*** Input records Section Begins ***

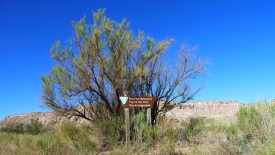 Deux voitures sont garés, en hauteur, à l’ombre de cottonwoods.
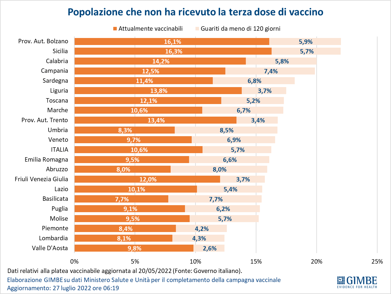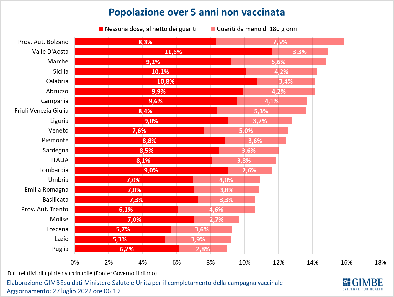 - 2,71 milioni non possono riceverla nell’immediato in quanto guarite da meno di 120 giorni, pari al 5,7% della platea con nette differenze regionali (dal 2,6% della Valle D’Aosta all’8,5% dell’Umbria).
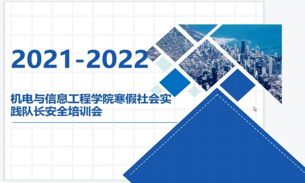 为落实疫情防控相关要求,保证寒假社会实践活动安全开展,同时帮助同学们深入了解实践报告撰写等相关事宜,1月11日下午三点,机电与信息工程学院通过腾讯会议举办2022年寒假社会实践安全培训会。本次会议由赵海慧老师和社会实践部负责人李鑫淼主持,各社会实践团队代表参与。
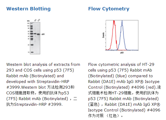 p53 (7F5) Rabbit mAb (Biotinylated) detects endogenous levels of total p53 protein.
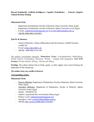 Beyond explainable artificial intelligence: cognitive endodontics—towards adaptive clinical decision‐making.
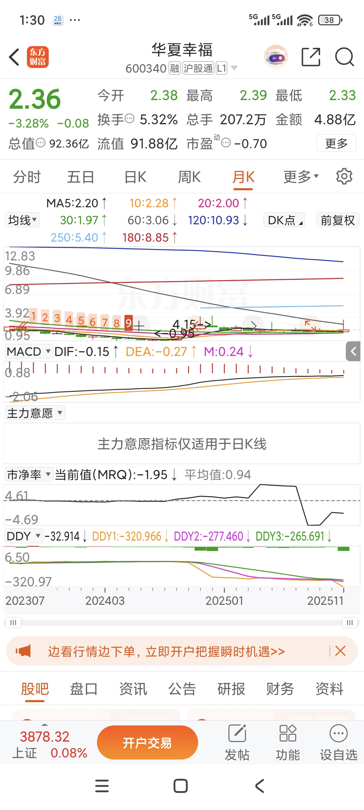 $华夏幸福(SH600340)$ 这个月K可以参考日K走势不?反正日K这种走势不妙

*** Input records Section Ends ***
*** Input records Section Begins ***

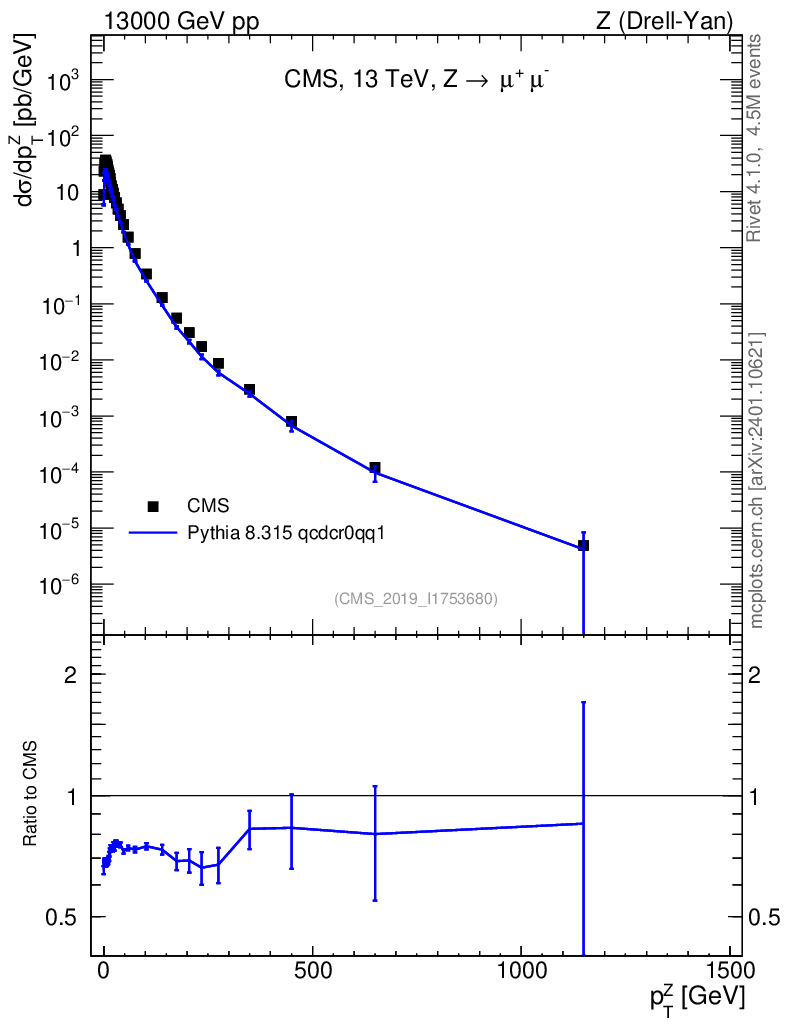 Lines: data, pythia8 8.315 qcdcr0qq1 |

*** Input records Section Ends ***

- Aim of the exercise
Above, find the line with "Deux voitures sont"; copy it and every line down to the line with "- 2,71 milioni", exactly and both included, but no pictures.

- The answer
 Deux voitures sont garés, en hauteur, à l’ombre de cottonwoods.
 - 2,71 milioni non possono riceverla nell’immediato in quanto guarite da meno di 120 giorni, pari al 5,7% della platea con nette differenze regionali (dal 2,6% della Valle D’Aosta all’8,5% dell’Umbria).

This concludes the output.